Chattanooga city council tables a plan Tuesday to arrest residents for violating CDC guidelines about “social distancing” during the CV-19 panic that has put the city under so-called emergency orders.
Jerry Mitchell indicates the bill strikes a negative note when the city is getting ready to end the clampdown on business.
By David Tulis / NoogaRadio 92.7 FM
“This ordinance arrived on the agenda with no one from city council’s sponsorship,” Mr. Mitchell says. “Had a meeting with the mayor today, and he told me that he did not ask for this to be put on the agenda — as a matter of fact, he is busy planning reopening o Chattanooga, which, hopefully, if the citizens of Chattanooga keep doing the great job they’ve been doing, that can happen sooner rather than later — hopefully, very, very soon.”
Mr. Mitchell says the concept “didn’t follow the rules to be on our agenda,” and so is not open for review.
Councilwoman Carol Berz says if the bill “is inappropriately on the agenda right now” that the language should be tabled. All the members voted to table it.
The bill would have updated the civil emergency sections of city code. The ordinance says that in a state-defined civil emergency,
[A]ny person violating any provision of the proclamation or orders related to said civil emergency issued by the mayor, or any official hereinbefore authorized to proclaim a civil emergency, may be issued a citation to Chattanooga City Court, where said person may be subject to a fine not to exceed fifty dollars ($50.00), plus court costs, for each violation [emphasis added].
The bill makes people liable for obeying “the laws of the state” (clear enough), “regulations” of health officials and “excecutive orders” under the CV-19 or other medical emergency. The ordinance defines duties of police as follows:
The police department shall enforce a strict observance of the laws of the state and the City, any sanitary regulations promulgated by the state board of health or the county director of health, and any executive orders issued by the governor of the state or the mayor of the City relating to the prevention or control of infectious, contagious or malignant diseases.
City avoids offending people
City council is accustomed to writing vague and illegal ordinances and standing on legal quicksand — as in its ban on Airbnb in half the city and its violation of key constitutional rights, starting with the right to be free from capricious and arbitrary acts.
Council is also accustomed to ignoring clear black-letter law, such as the Tenn. Code Ann. § Title 55, motor and other vehicles. This law it stands on when it has generally no business to stand on it and enforce it. Title 55 is the tax and regulatory body of law enforced by the Tennessee highway patrol. It pertains to motor carriers and truckers. Very little of it is adopted by the city as ordinance.
In the tabled ordinance, the city would have enforced draconian rules from Gov. Bill Lee and mimickry by Mayor Andy Berke, none of which are statutes properly passed by the general assembly. Orders to “stay at home” are unconstitutionally vague as law, and unenforceable because they deny equal treatment among the people in the state. “Social distancing” guidelines are just that — guidelines. They are not criminally nor civilly enforceable, though practically they have great weight.

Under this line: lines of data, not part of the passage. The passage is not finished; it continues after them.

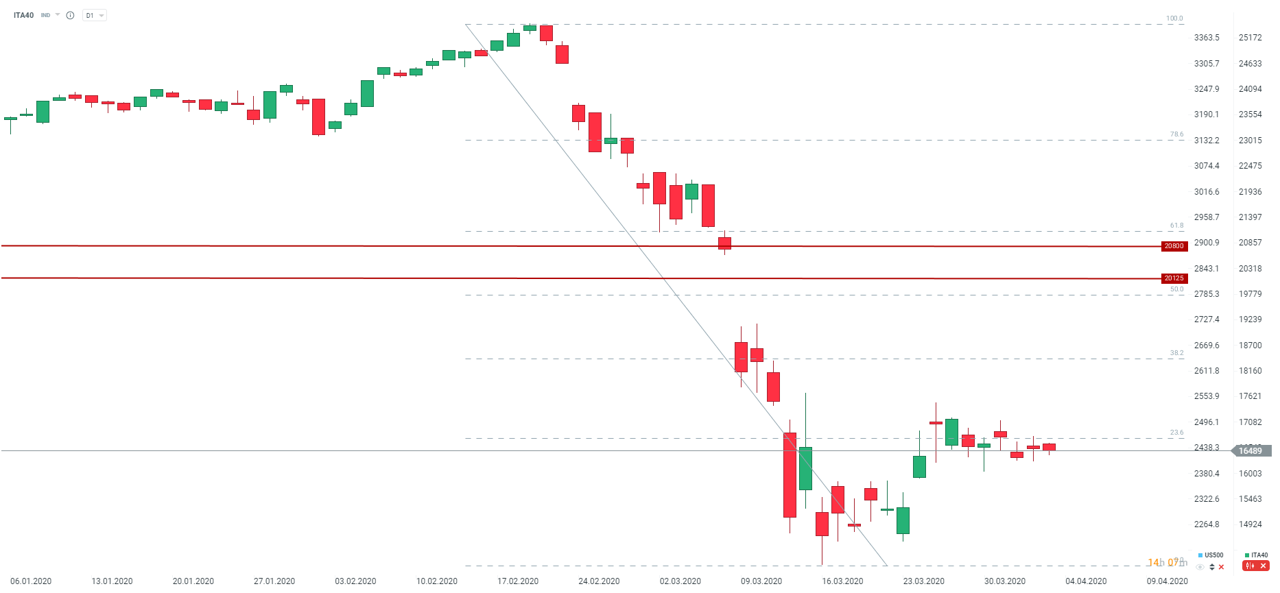 FTSE MIB traci dzisiejszego dnia, ale nie widać reakcji na dane. Źródło: xStation5
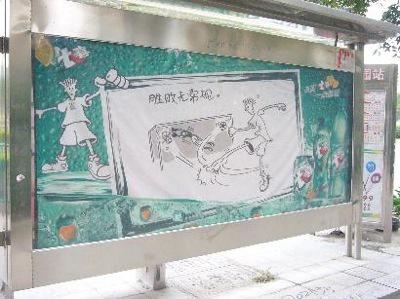 バス停の広告です。サッカーの絵にスプライトです。運動中にはスプライトは無理です。
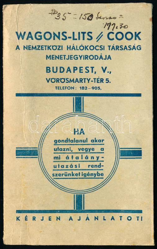 Wagons-Lits Cook Nemzetközi Hálókocsi Társaság Menetjegyirodája jegyta... https://www.darabanth.com/hu/442-Gyorsarveres/442.0/Mutargy-papirregiseg-egyeb/Reklam~500026/Wagons-Lits-Cook-Nemzetkozi-Halokocsi-Tarsasag-Menetjegyirodaja-jegytarto-tasak~II2911471
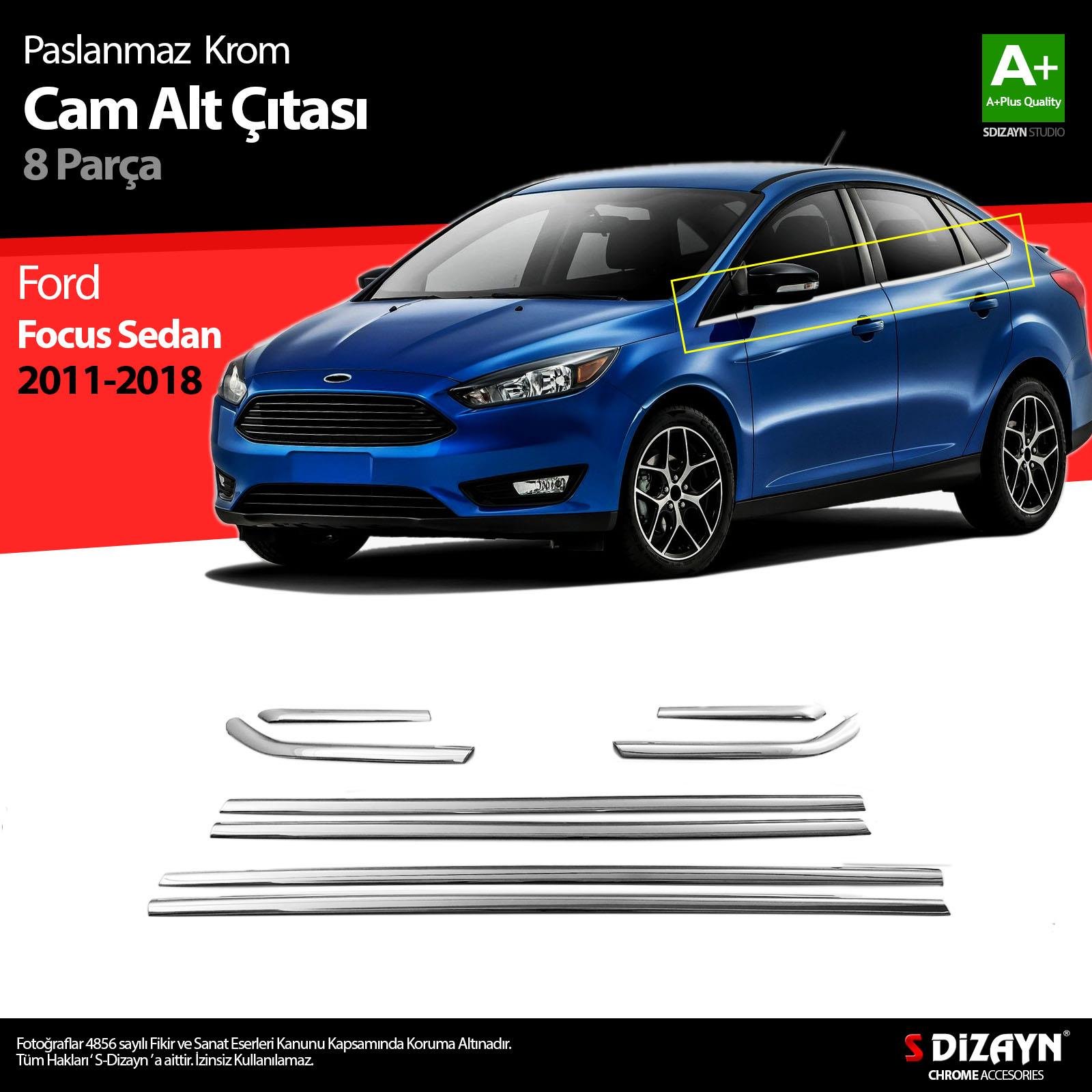 S-Dizayn Ford Focus 3 SD Krom Cam Çıtası 8 Prç 2011-2018
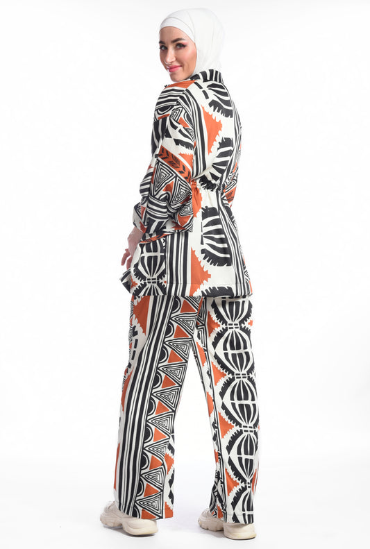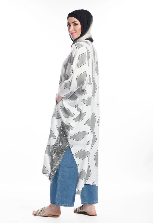 Multicolor graphic long kimono
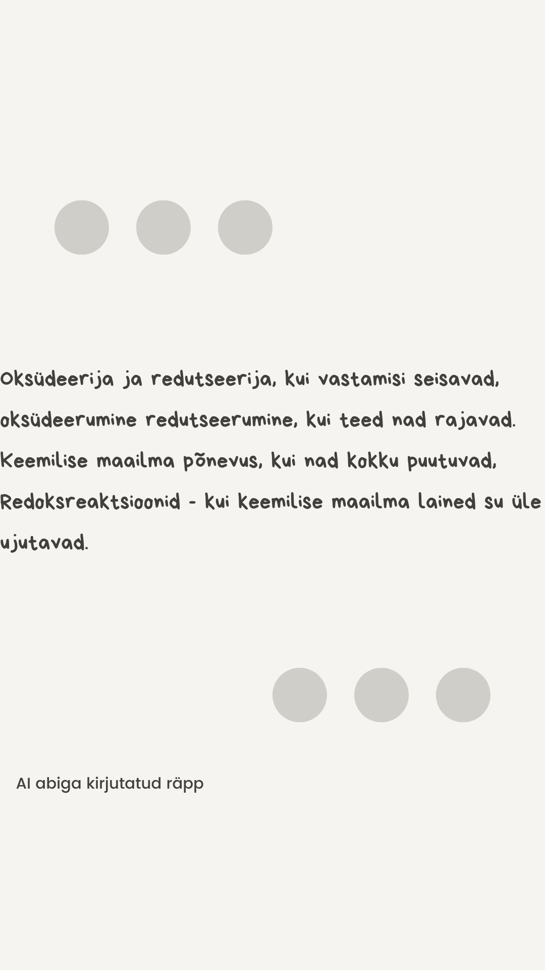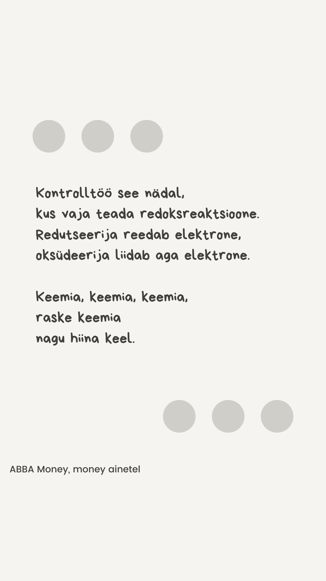 Mai alguses saabuski päev, mil kaheksandikud said suisa pool koolipäeva pusletada: olla loomingulised ja mässata redoksreaktsioonide maailmas luuleliselt ja popmuusikaliselt.
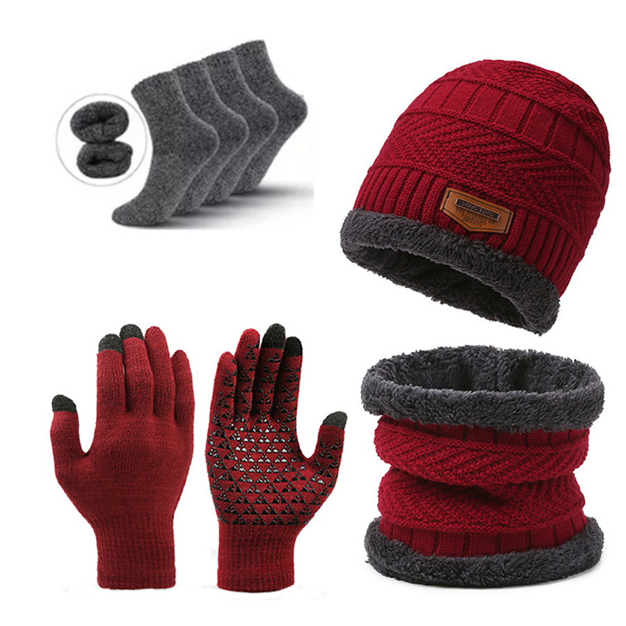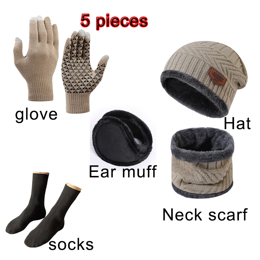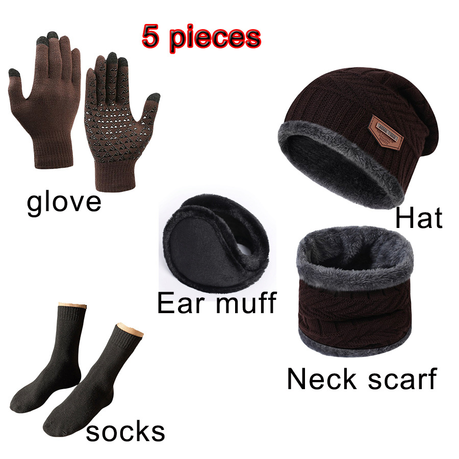 Комплект из 5 предметов: зимняя теплая шапка, шарф, перчатки, носки, шерстяная шапка с сенсорным экраном, оптовая продажа, вязаный стиль

They have great weight with added criminalization power because people are generally willing to comply and get along, and to avoid either citation, threat of arrest, or arrest under the ordinance. The ordinance posits a mixed jurisdiction: quasi-civil, quasi-criminal. Under what standard is a trial in city court held — criminal (beyond reasonable doubt) or civil (preponderance of the evidence)?
City courts are largely civil in operation, informal, justice of the peace summary justice venues in which the feeling or goodwill of the judge control, not real rules of law and real law. Such an ordinance might have fed that casual venue of jurisprudence, making light of constitutional liberties of the people.